The xpath command does not work if the XML event contains valid prolog header lines (https://www.w3schools.com/xml/xml_syntax.asp).
For example, this works
| makeresults
| eval _raw="<Event>
<System>
<Provider Name='ABC'/>
</System>
</Event>"
| xpath field=_raw outfield=raw_provider_name_attr "//Provider/@Name"
| table _raw raw_provider_name_attr
but, add a prolog header and it will no longer work ...
| makeresults
| eval _raw="<?xml version=\"1.0\?>
<Event>
<System>
<Provider Name='ABC'/>
</System>
</Event>"
| xpath field=_raw outfield=raw_provider_name_attr "//Provider/@Name"
| table _raw raw_provider_name_attr
I've raised a support case with Splunk about this.
To workaround this issue, remove the valid XML prolog headers from the event before calling the xpath command, or use the spath command instead. Here is a run anywhere example.
| makeresults
| eval _raw="<?xml version\"1.0\"?>
<Event>
<System>
<Provider Name='ABC'/>
</System>
</Event>
<!DOCTYPE html PUBLIC \"-//W3C//DTD XHTML 1.0 Transitional//EN\" \"http://www.w3.org/TR/xhtml1/DTD/xhtml1-transitional.dtd\">
<Event>
<System>
<Provider Name='EFG'/>
</System>
</Event>
<?xml version\"1.0\"?>
<!DOCTYPE html PUBLIC \"-//W3C//DTD XHTML 1.0 Transitional//EN\" \"http://www.w3.org/TR/xhtml1/DTD/xhtml1-transitional.dtd\">
<Event>
<System>
<Provider Name='HIJ'/>
</System>
</Event>"
| eval xml=replace(_raw, "<(\?xml|!DOCTYPE).+?>[\r\n]*", "")
| xpath field=_raw outfield=raw_provider_name_attr "//Provider/@Name"
| xpath field=xml outfield=xml_provider_name_attr "//Provider/@Name"
| spath output=spath_provider_name_attr Event.System{2}.Provider{@Name}
| table _raw raw_provider_name_attr xml* spath*
To workaround this issue, remove the valid XML prolog headers from the event before calling the xpath command, or use the spath command instead. Here is a run anywhere example.
| makeresults
| eval _raw="<?xml version\"1.0\"?>
<Event>
<System>
<Provider Name='ABC'/>
</System>
</Event>
<!DOCTYPE html PUBLIC \"-//W3C//DTD XHTML 1.0 Transitional//EN\" \"http://www.w3.org/TR/xhtml1/DTD/xhtml1-transitional.dtd\">
<Event>
<System>
<Provider Name='EFG'/>
</System>
</Event>
<?xml version\"1.0\"?>
<!DOCTYPE html PUBLIC \"-//W3C//DTD XHTML 1.0 Transitional//EN\" \"http://www.w3.org/TR/xhtml1/DTD/xhtml1-transitional.dtd\">
<Event>
<System>
<Provider Name='HIJ'/>
</System>
</Event>"
| eval xml=replace(_raw, "<(\?xml|!DOCTYPE).+?>[\r\n]*", "")
| xpath field=_raw outfield=raw_provider_name_attr "//Provider/@Name"

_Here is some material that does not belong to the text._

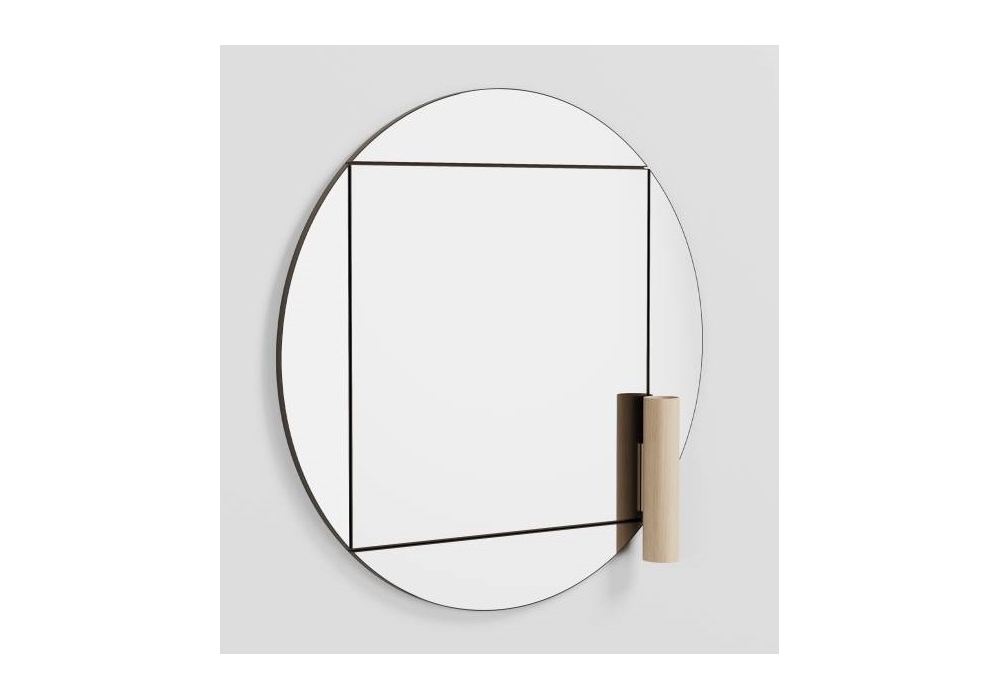 Paradigma diseñado por Marco Lavit para Living Divani es un espejo compuesto por una parte central cuadrada y cuatro elementos externos en forma de "media luna" fijados a una chapa. Cada elemento está compuesto por un panel de MDF con inserto de metal y marco en acabado espejo o madera contrachapada. La tapa trasera es de MDF lacado en negro mate con sistema integrado de enganche y ajuste a la pared.

| xpath field=xml outfield=xml_provider_name_attr "//Provider/@Name"
| spath output=spath_provider_name_attr Event.System{2}.Provider{@Name}
| table _raw raw_provider_name_attr xml* spath*
On the bug fix for this issue, Splunk Support have come back with the following ...
Observation & Findings:
- Thanks for flagging this issue with us and we taken this to the development team.
- We informed you that our development team is having high level discussions on the xpath command whether to deprecate it or enhance it.
- Once the xpath enhancement or deprecation is done, it will be updated in the official documentation.
- As this task will undergo through some pre-checks, post-checks and some approvals which might take some time.
So workarounds are the only option, for now.
Here's a more generic regex to extract different sorts of XML declarations (note, removes CDATA entries too)
| ...
``` example: https://regex101.com/r/BqHeX4/3 ```
| eval xml=replace(_raw, "(?s)(\<[\?\!]([^\\>]+\>).+?)*(?=\<[^(?=\/)])(?=[a-zA-Z])*", "")
| rex mode=sed field=_raw "s/(?s)(\<[\?\!]([^\\>]+\>).+?)*(?=\<[^(?=\/)])(?=[a-zA-Z])*//g" ``` sed example for a props.conf SEDCMD to remove XML declarations before indexing ```
| xpath ...
Finally, there is another bug (Splunk said they are aware) with the xpath command when it is used more than once. Any existing multi-value fields become non multi-value fields (like a nomv command has been applied) so any mv manipulations should be done before subsequent xpath commands.